■ Exercise goal
Required from the data below: the exact lines starting at the line containing "Wystawa w WPKiW Chorzów" and ending at the line containing "a 331. lapon.)", with both ends kept and all pictures dropped.
'''
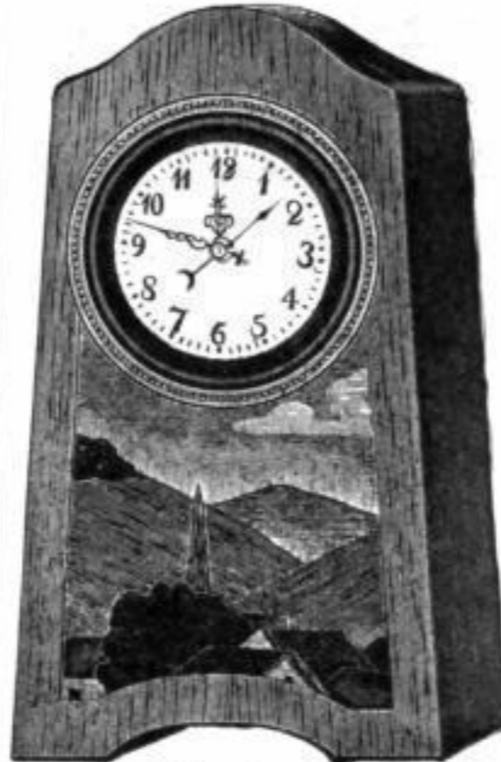
Höhe etwa 12 cm

Uhrenfabrikation u. Engroshandlung. Alle Artikel der Grossuhrenbranche, Junghans-Taschenuhren.
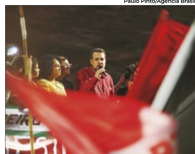
Deputado é um dos líderes em São Paulo
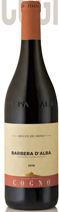
BARBERA D'ALBA DOC "BRICCO DEI MERLI"

Vitigno: Dolcetto Tipo di vino: rosso Vinificazione e affinamento: fermentazione in acciaio - affinamento 8 mesi acciaio
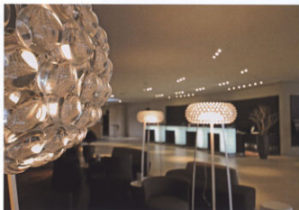
Blick in die Lobby des runden Gebäudes.

Aufgabe: Innenarchitektur öffentliche Bereiche, Spa & Konferenz- bereiche, Umsetzung der Zimmer & Suiten
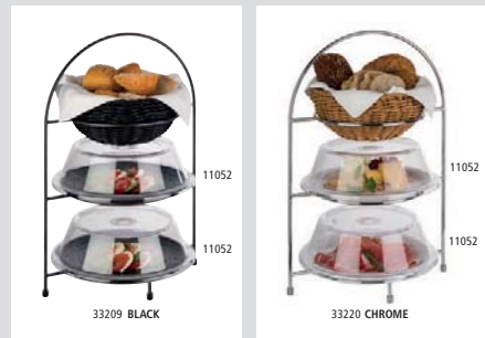
Präsentationsmöglichkeit presentation example passende Hauben suitable covers 11051, 11052
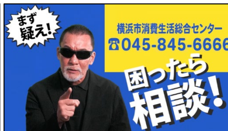
<動画イメージ>「蝶野 正洋」氏出演動画
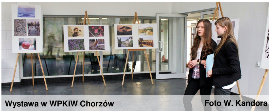
Wystawa w WPKiW Chorzów
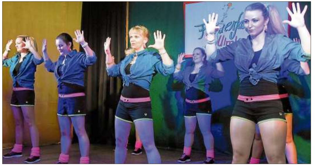
Die Tanzgruppe „Surprise“ begeisterte beim Frauenfasching.
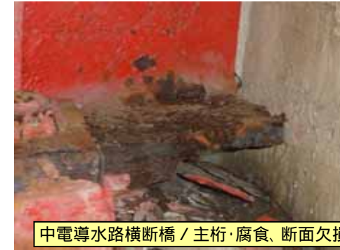
中電導水路横断橋 / 主桁・腐食、断面欠損
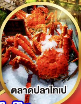
ตลาดปลาไทเป
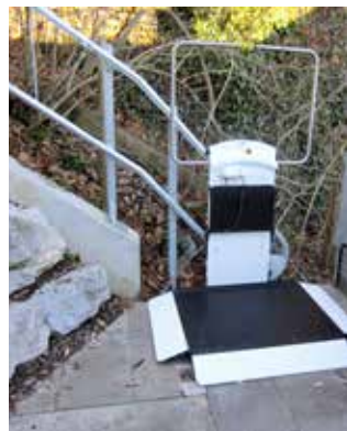
Plattform mit seitlicher Auffahrrampe
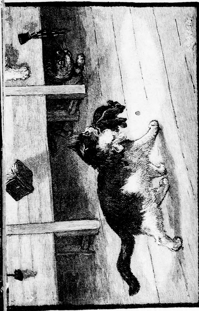
...JÓ VOLNA AZT ELVENNI. (Lásd a 331. lapon.)

otthon, berontott hozzánk ez a gonosz Tipi és mit csinált? — bedugta Bibit a trombitába! Mikor hazatértünk, nem ta-
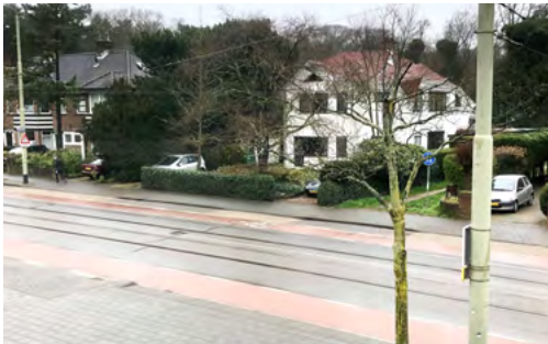
De Nieboerweg op zaterdagavond 1 april

De invoering van betaald parkeren gedurende de avond in het noorden van de wijk verliep begin april allesbehalve geruisloos. Blijdschap en opluchting in Vogelwijk-Noord omdat de parkeeroverlast van voertuigen uit andere wijken er in één klap verleden tijd was. Schrik en frustratie bij bewoners ten zuiden van de Nieboerweg, die opeens stampvol geparkeerde straten hadden gekregen en nu ook zo snel mogelijk betaald parkeren willen. Volgens de gemeente kan dat op z'n vroegst pas begin volgend jaar. En dan was er ook nog de discussie over de veelal onnodig geachte POET-regeling. Daarover ligt nu een brief van het wijkbestuur bij wethouder Mulder.
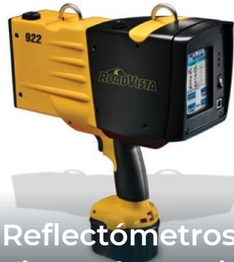
Reflectómetros horizontal y vertical
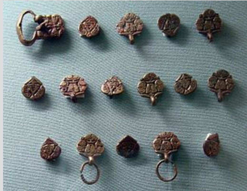
Детали мужского поясного набора, VIII—IX века
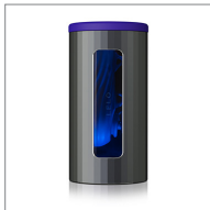
Gunmetal / Midnight Blue
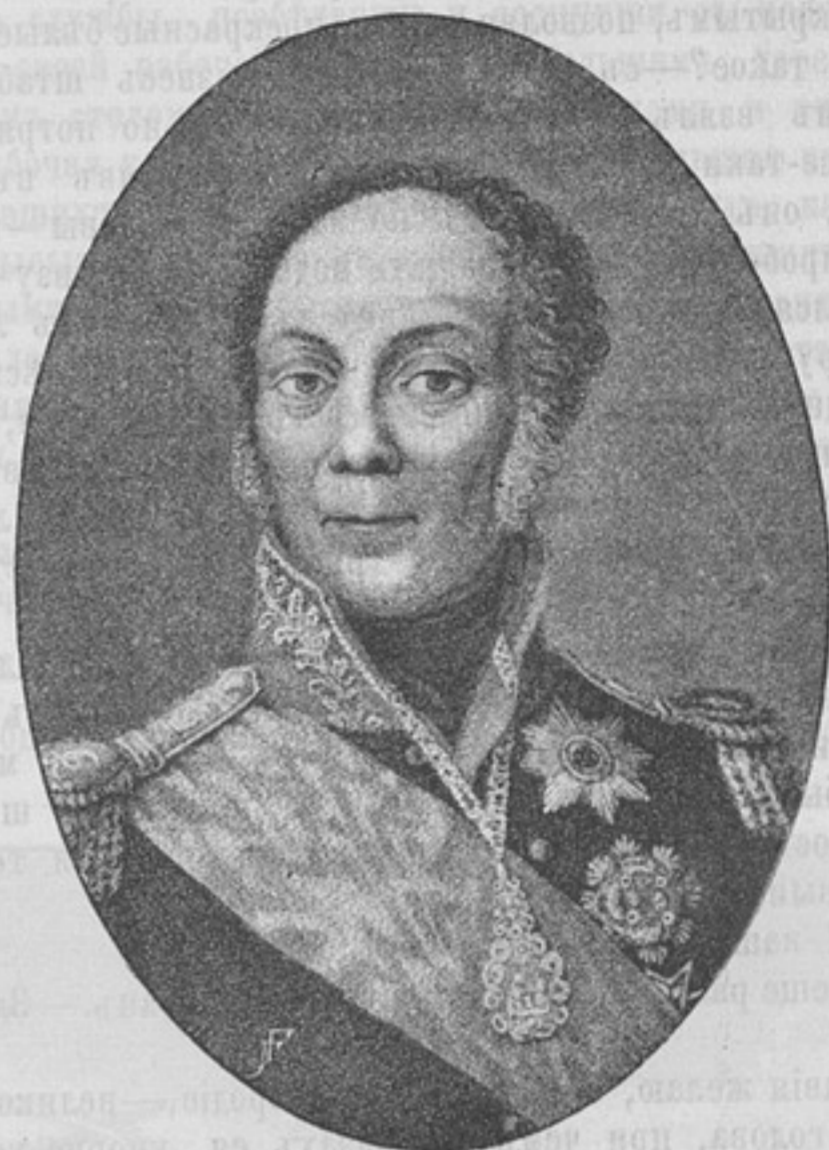
Гр. Ѡ. В. Ростопчинъ *).

1) Недостаетъ хотя бы весьма краткаго историческаго очерка появленія званія пажей въ Россіи и возникновенія Пажескаго корпуса, какъ учебнаго заведенія.
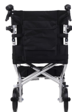
Cinto de segurança
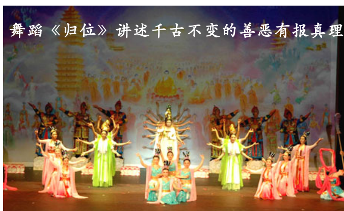
舞蹈《归位》讲述千古不变的善恶有报真理

今天，贵州平塘的“藏字石”是否也在向人们预示着天机呢？回想一下，共产党与秦朝的暴政多么相似。《九评共产党》一书全面揭开了共产党的邪恶本质，并在全球掀起了退党大潮，至今已有一千八百多万中国大陆民众声明退出党、团、队组织，顺应了天意，也为自己选择了光明的未来。◇
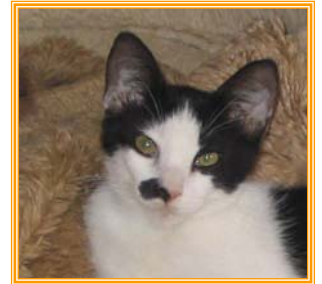
Rene, männl., geb.: 04.04
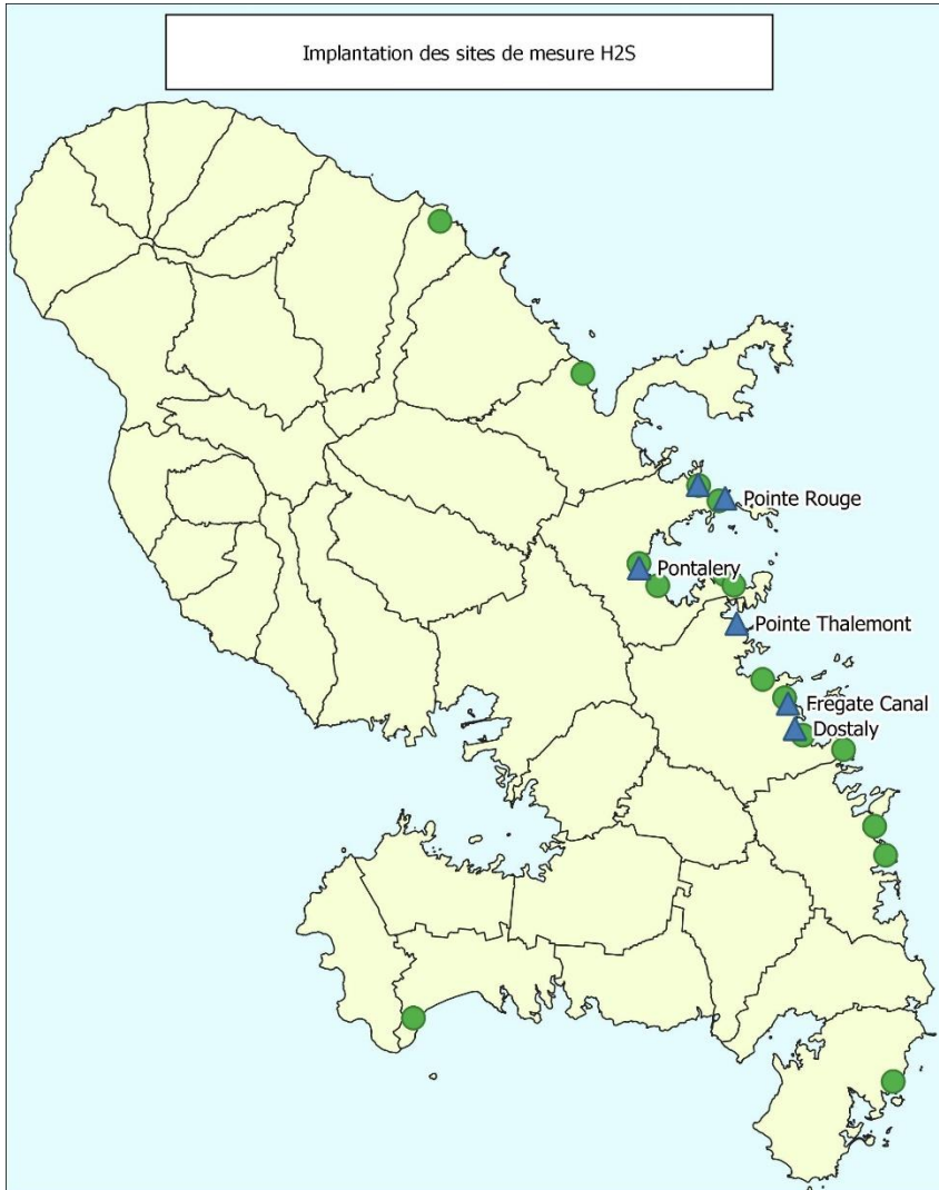
CONCENTRATIONS MOYENNES EN H 2 S SUR 24H DE 12h A 12h (EN PPM) RELEVÉES DU 13/02/2023 AU 20/02/2023

En complément du réseau de surveillance continue assurée par les dispositifs Cairpol, des appareils Dräger X-am 5000 peuvent être utilisés pour des mesures complémentaires en hydrogène sulfuré . Ces appareils peuvent, par exemple, être utilisés pour évaluer l'exposition à diverses distances au littoral, baliser une zone lors d'épisodes d'échouage massifs, etc.
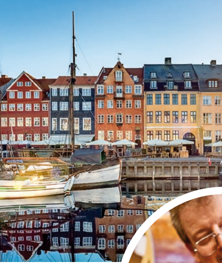
Nyhavn, Hafen von Kopenhagen
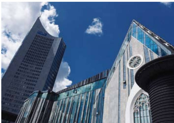
MDR-Gebäude und Paulinum
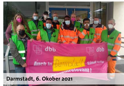
Darmstadt, 6. Oktober 2021

lich: „Natürlich sind das zwei Verhandlungen, die unabhängig voneinander zu sehen sind. Ich halte auch nichts davon, jetzt einzelne Ergebnisbestandteile von der TdL zu fordern. Was ich aber von der TdL fordere, ist, dass sie die Verhandlungskultur übernehmen, die die hessischen Verhandlungen geprägt hat. In Hessen haben die Tarifpartner abschlussorientiert verhandelt, haben auf Drohkulissen verzichtet und tatsächlich gemeinsam und erfolgreich den öffentlichen Dienst attraktiver gestaltet. Die TdL hat bisher nur die Keule des Arbeitsvorgangs geschwungen. Damit lässt sich der öffentliche Dienst jedoch nicht attraktiver gestalten.“
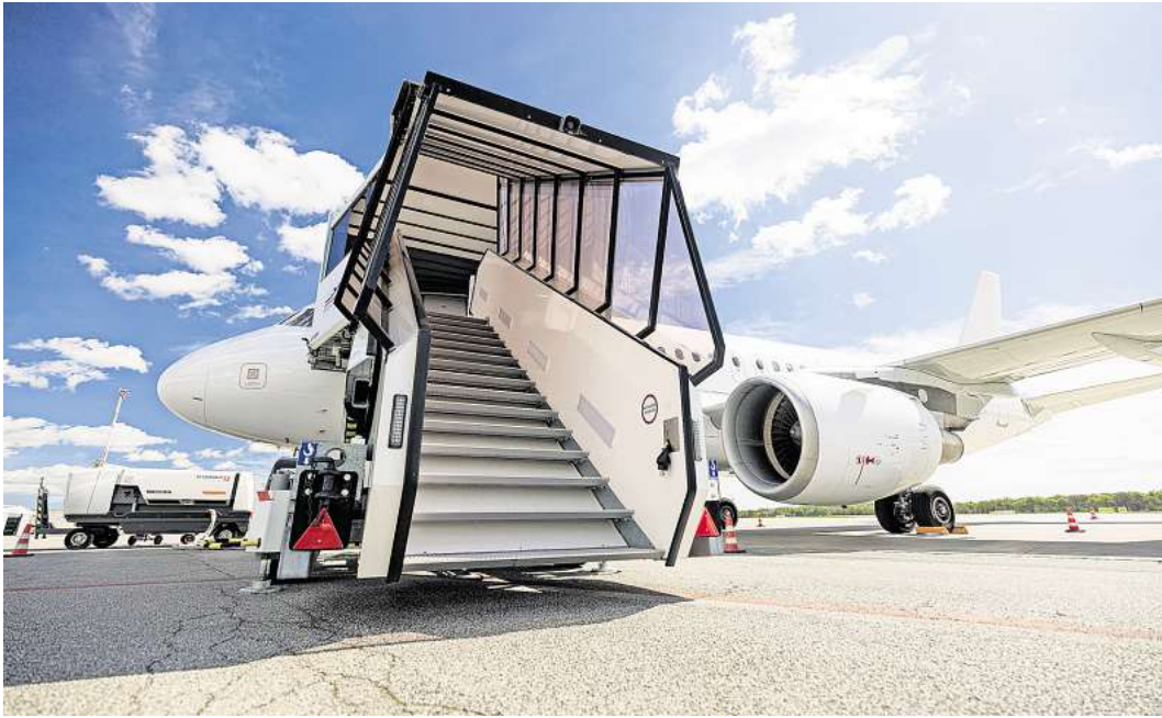
Gerade erst in Blankensee gelandet und schon zum Einsteigen bereit: der in Lübeck stationierte A 319 der Sundair.

„Die Fluggesellschaft hat sich als ein besonders zuverlässiger Partner erwiesen“, sagt Lübecks Airport-Geschäftsführer Prof. Jür-
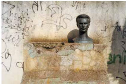
Monumenti i Boro Vukmirović (u hoq nga monumenti) dhe Ramiz Sadikut
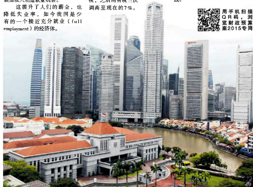
开放和低税率的环境是我国经济多年来快速发展的关键。

他说：“未来加入劳动队伍的人数会减少，缴税的人口也会减少，而引进外籍员工在目前的环境下是个非常敏感的课题，这将给政府未来的财政收入带来新挑战。”
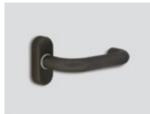
Tungstène Mat métallique
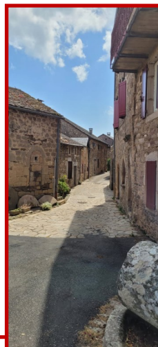
Castelnaud Pégayrols médiéval
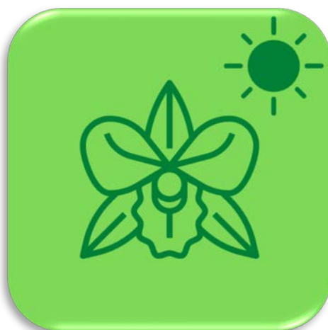
ออกดอกฤดูร้อน
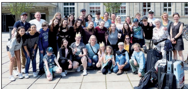
Společná fotka při loučení
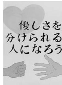
▲田原本中学校 3 年
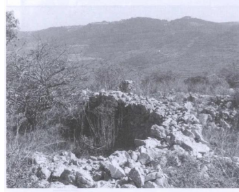
أبقاض في موقع القرية (سنة ١٩٨٦) [خربة اللوز]
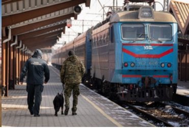
dworzec w Przemyślu
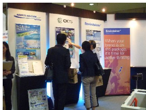
【2011年医薬品 EXPO 共同出展】
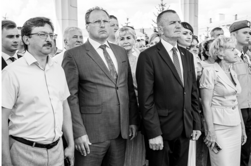
В Орле торжественно встретили поезд
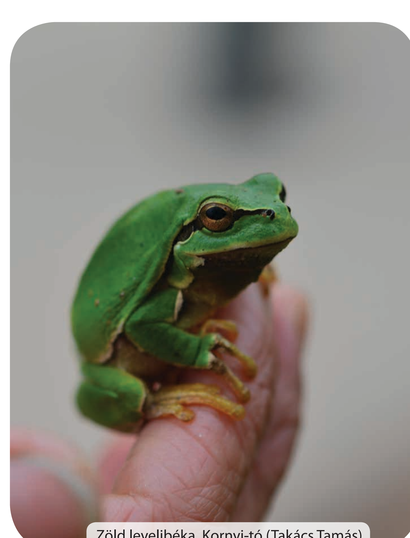
Zöld levelibéka, Kornyi-tó (Takács Tamás)
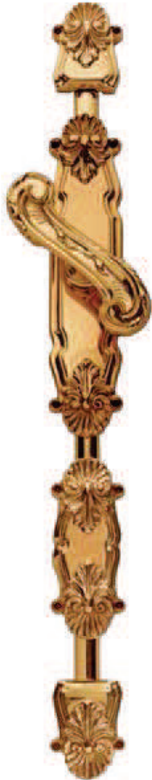
C31901 Asta C319AS non inclusa nella confezione Rod C319AS is not included in the package
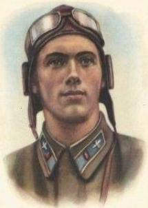
ГАСТЕЛЛО Николай Францевич (1907–1941)

Военный лётчик, капитан, командир эскадрильи. Погиб 26 июня 1941 года совершая огненный таран: направил горящую машину на механизированную колонну врага.
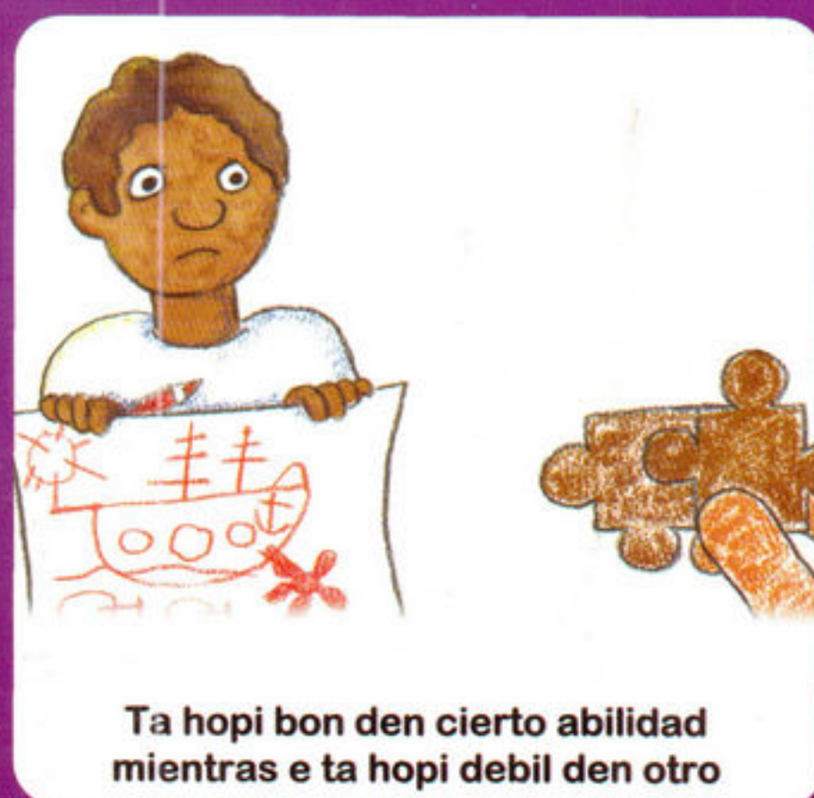
Ta hopi bon den cierto habilidad mientras e ta hopi debil den otro
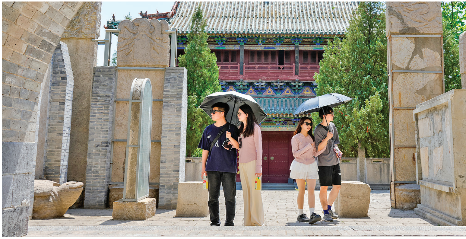
游客在池神庙参观游览

盛夏的盐湖波光潋滟，中条山苍翠如屏。在运城这片山水交融的土地上，千年盐运记忆正悄然重塑城市肌理：清代盐务衙门“河东盐池掣置署”的百年月洞门重现光彩；在河东成盐典故园，生动传神的雕塑刻画出盐运之城的千年历史；盐湖北坡的“盐梦长廊”将工业遗址变为文化地标……一幅生态与人文共生的崭新画卷正在徐徐展开。
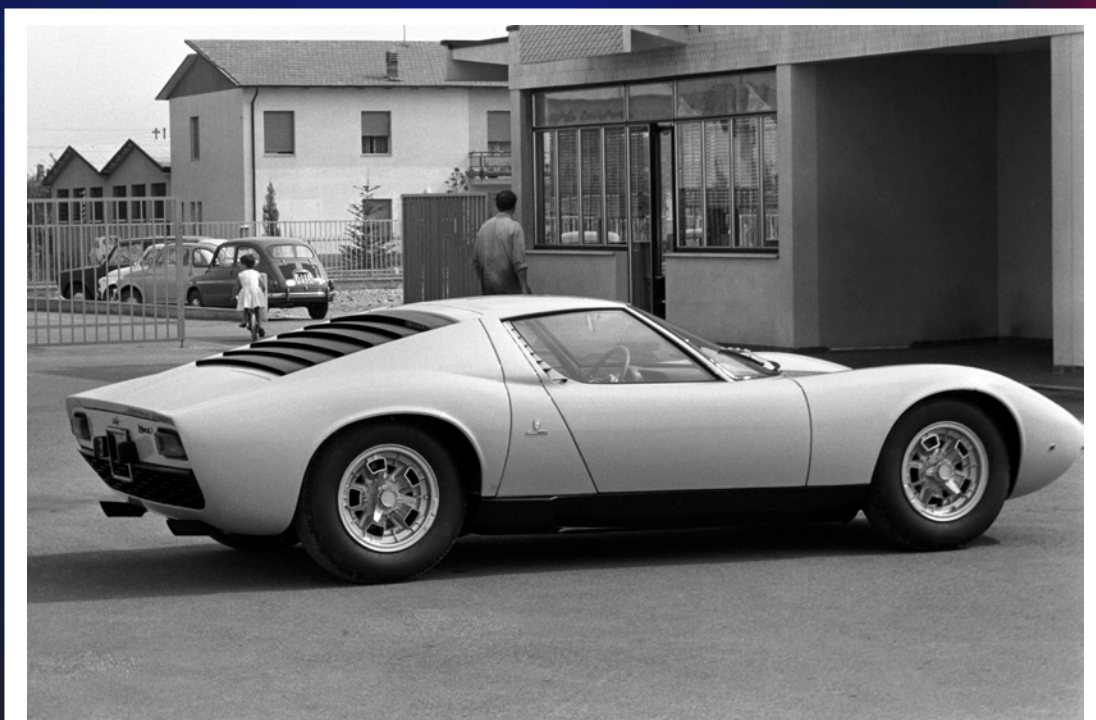
Lamborghini Miura. 1960

En réunissant les modèles phares de la marque, signés par les plus grands noms de la carrosserie et du design, mais aussi des archives rares et des œuvres de création, en passant par l'univers du rock ou des films marquants, l'exposition propose une clef de lecture originale.
'''
■ Solution to the exercise
Wystawa w WPKiW Chorzów
Die Tanzgruppe „Surprise“ begeisterte beim Frauenfasching.
中電導水路横断橋 / 主桁・腐食、断面欠損
ตลาดปลาไทเป
Plattform mit seitlicher Auffahrrampe
...JÓ VOLNA AZT ELVENNI. (Lásd a 331. lapon.)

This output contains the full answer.